Zythos Business
España

Calendario fiscal 2026: lo que autónomos y pymes no pueden dejar pasar

Zythos Business

Cada trimestre trae la misma pregunta a la mesa de cualquier autónomo o pyme: ¿qué modelo toca presentar, cuándo vence y qué ha cambiado desde la última vez? En 2026 el calendario fiscal español sigue teniendo el esqueleto de siempre —IVA, retenciones, pagos fraccionados y la Renta— pero conviene revisarlo con lupa porque Hacienda ha ido introduciendo novedades que afectan sobre todo a la forma de facturar, a las cotizaciones y al margen de maniobra ante sanciones.
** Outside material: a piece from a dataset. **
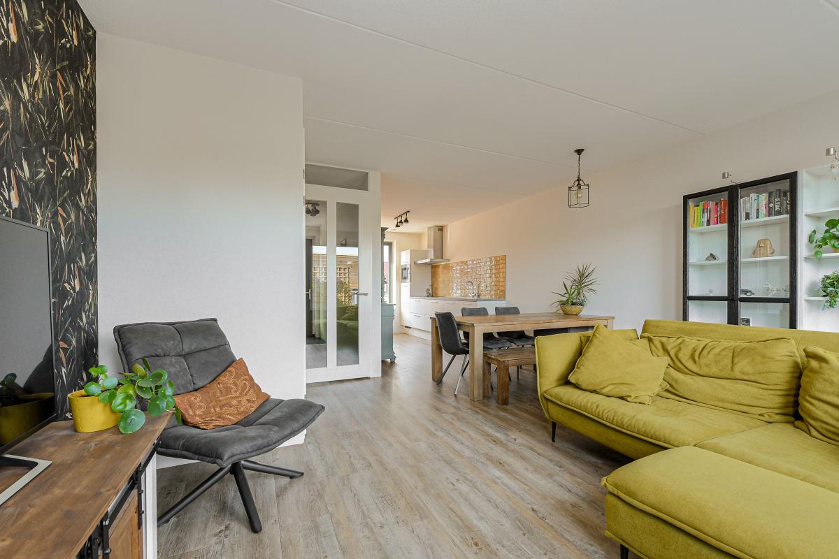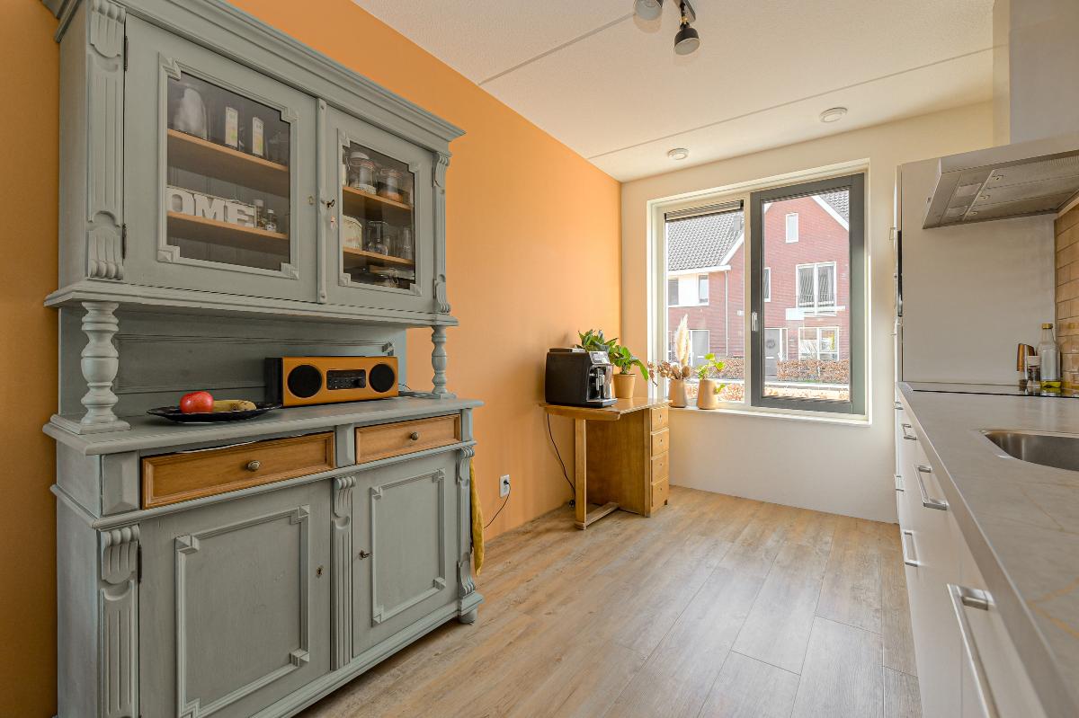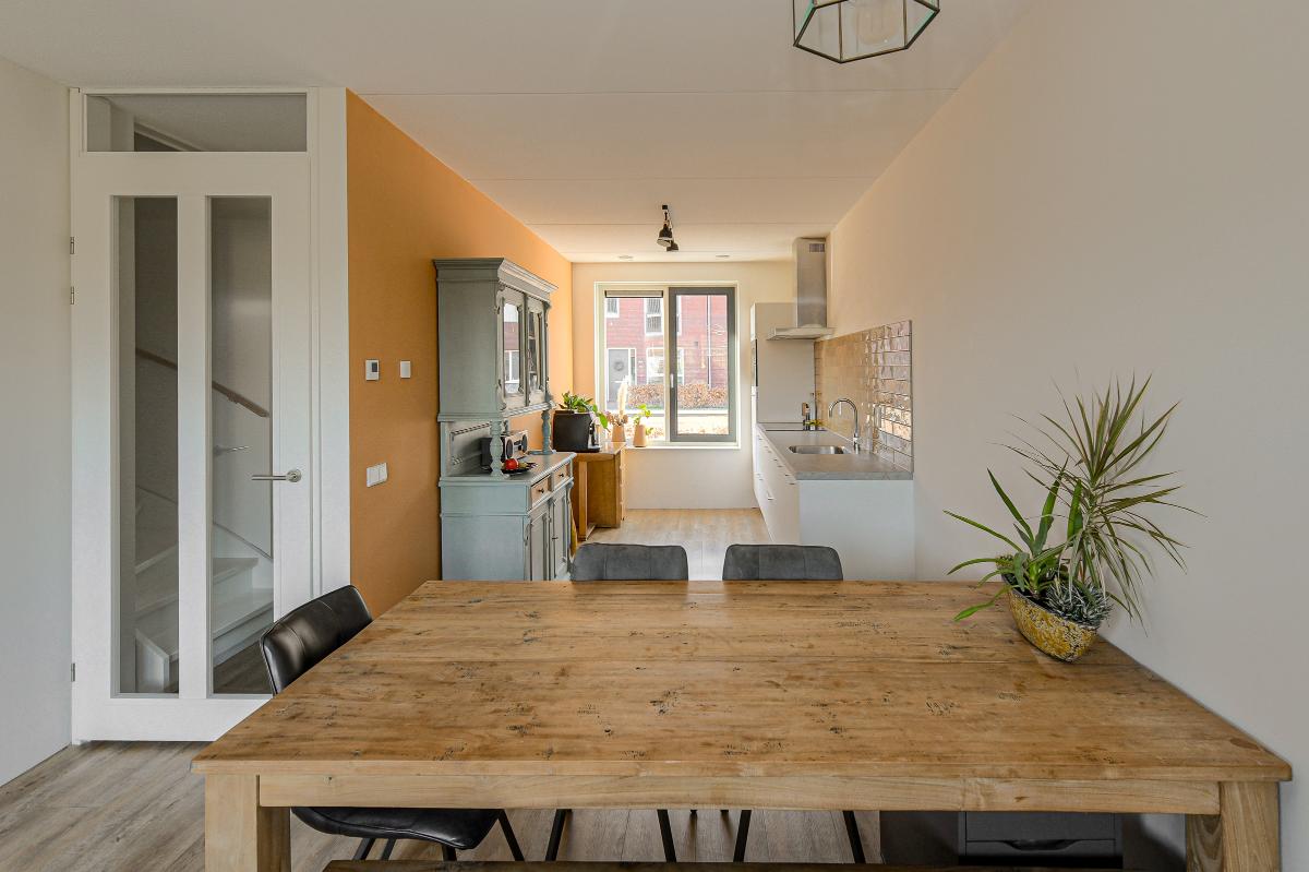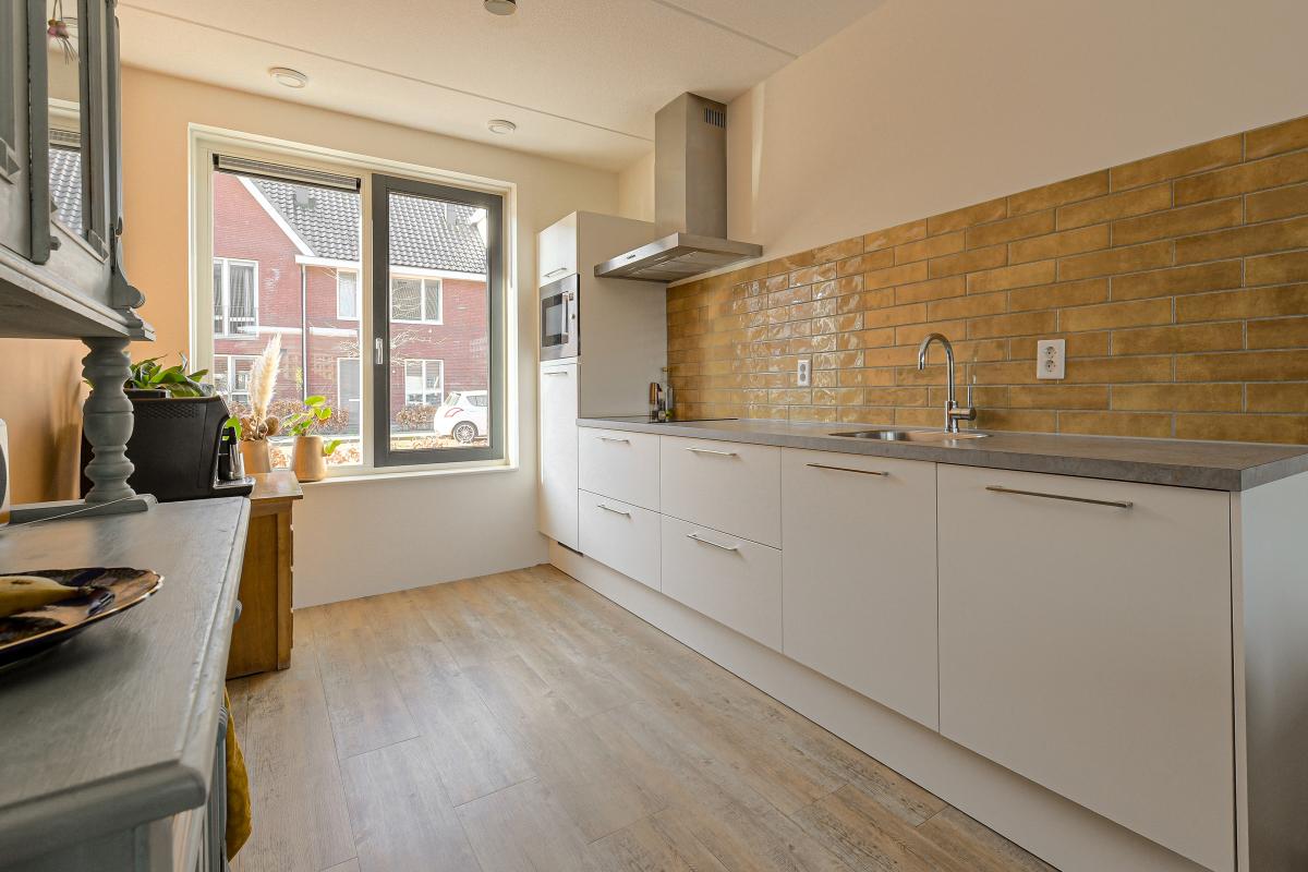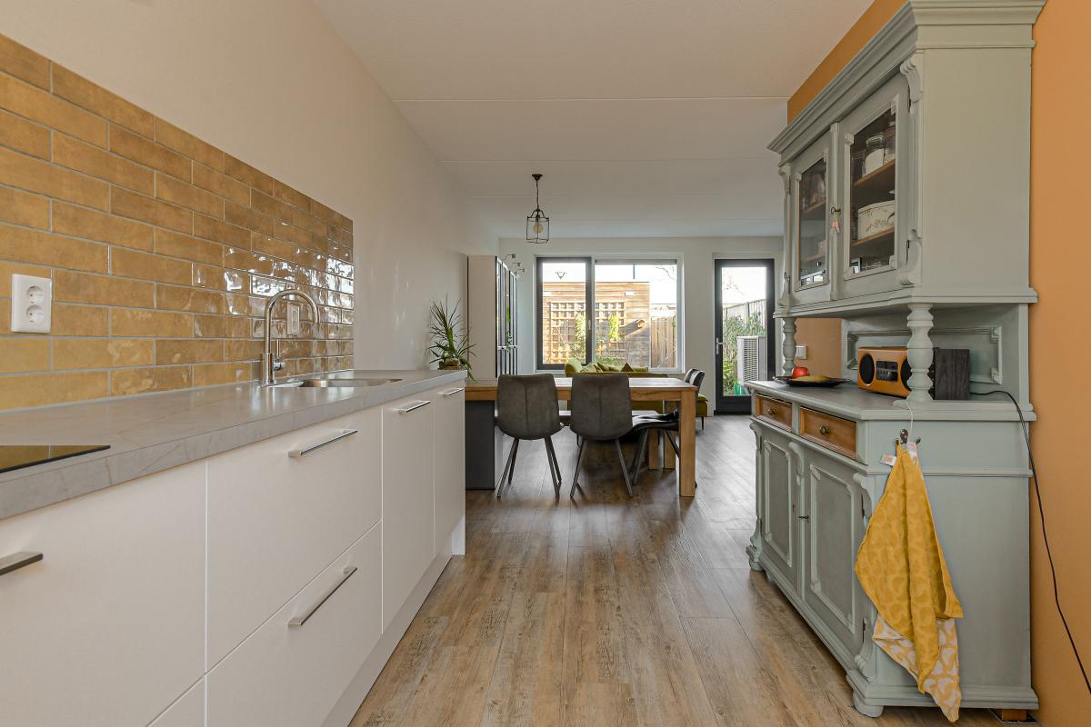 Ruime entree/hal met meterkast en een moderne, deels betegelde toiletruimte voorzien van een wandcloset en fonteintje. Vanuit de hal betreedt u de sfeervolle en lichte woonkamer (tuinkamer). Dankzij de grote raampartijen geniet deze ruimte van een prettige lichtinval. De woonkamer is afgewerkt met een fraaie PVC vloer met vloerverwarming en strakke wanden. Tevens beschikt de woonkamer over een praktische trapkast en staat deze in open verbinding met de keuken. Via de tuindeur bereikt u de achtertuin. De moderne keuken bevindt zich aan de voorzijde van de woning en is uitgevoerd in een rechte opstelling met een stijlvol werkblad. Uiteraard ontbreekt het niet aan inbouwapparatuur, waaronder een vaatwasser, combi-oven, koelkast, afzuigkap en een 4-pits inductiekookplaat. ________________________________________ Achtertuin De verzorgde achtertuin is gelegen op het noordoosten en heeft een afmeting van circa 7 x 5,5 meter. De tuin is modern aangelegd met een combinatie van grote terrastegels, groene borders en sfeervolle beplanting, wat zorgt voor een prettige balans tussen onderhoudsgemak en groen. De houten berging achterin de tuin is voorzien van elektra en een betonvloer en biedt voldoende ruimte voor fietsen en tuingereedschap. Dankzij de praktische achterom is de tuin bovendien goed bereikbaar. De groene erfafscheidingen en de verzorgde beplanting geven de tuin een rustige en beschutte sfeer, waardoor dit een heerlijke plek is om te ontspannen. ________________________________________ Eerste verdieping Overloop met vaste trap naar de tweede verdieping. Op deze verdieping bevinden zich drie slaapkamers: één aan de voorzijde en twee aan de achterzijde van de woning. De gehele verdieping is voorzien van vloerverwarming, een fraaie PVC vloer en strakke wanden. De moderne badkamer is deels betegeld en uitgerust met een inloopdouche, ligbad, wastafel en designradiator. De ruimte is netjes en verzorgd afgewerkt. ________________________________________ Tweede verdieping De zolderverdieping betreft een ruime open zolder met veel bergruimte. Door de royale hoogte is deze verdieping uitstekend geschikt om één of zelfs twee extra slaapkamers te realiseren, eventueel gecombineerd met een praktische bergzolder of vliering. ________________________________________ Voor de dagelijkse voorzieningen kunt u uitstekend terecht in het dorp zelf. Daarnaast ligt het prachtige Nationaal Park De Biesbosch op korte afstand – perfect voor wandelen, fietsen of varen in de natuur. Dankzij de gunstige ligging nabij diverse uitvalswegen bent u bovendien snel onderweg richting steden als Breda, Rotterdam, Utrecht en Dordrecht. Heeft deze woning uw interesse gewekt? Maak dan snel een afspraak voor een bezichtiging en ervaar zelf het comfort en de ruimte van deze mooie woning!

No se trata de memorizar fechas, sino de entender qué obligaciones nuevas se han sumado al ciclo habitual y cómo encajarlas en la gestión del día a día.

El calendario de siempre, con matices que importan

El grueso de las obligaciones no ha cambiado: los autónomos en estimación directa siguen presentando trimestralmente el modelo 130 (pago fraccionado del IRPF) y el 303 (IVA), además de las retenciones a trabajadores o profesionales en el 111 y, si procede, el 115 de alquileres. Las sociedades añaden el 202 de pagos a cuenta del Impuesto sobre Sociedades y, una vez al año, el 200. Lo que sí conviene vigilar de cerca en 2026 es la consolidación del sistema Verifactu: cada vez más negocios están obligados a emitir sus facturas con software certificado que garantice la trazabilidad e integridad de los registros, y a quienes todavía facturan con hojas de cálculo o programas no adaptados les queda un margen cada vez más estrecho para regularizar su sistema de facturación. A esto se suma el avance de la factura electrónica obligatoria entre empresas y autónomos, derivada de la Ley Crea y Crece, cuyo despliegue definitivo sigue marcando el paso de muchas pymes que todavía facturan en papel o PDF sin estructura.

En materia de cotizaciones, el sistema de cuotas de autónomos por tramos de rendimientos netos sigue exigiendo una revisión periódica: quien prevé que sus ingresos van a variar respecto a lo declarado debe ajustar su tramo para evitar tanto pagar de más como enfrentarse a una regularización con recargo al cierre del ejercicio. Y en el terreno sancionador, la Agencia Tributaria mantiene el foco en el cruce automático de datos —bancos, plataformas de pago, marketplaces— por lo que las discrepancias entre lo declarado y lo que Hacienda ya conoce por otras vías siguen siendo la vía más habitual de inicio de una comprobación.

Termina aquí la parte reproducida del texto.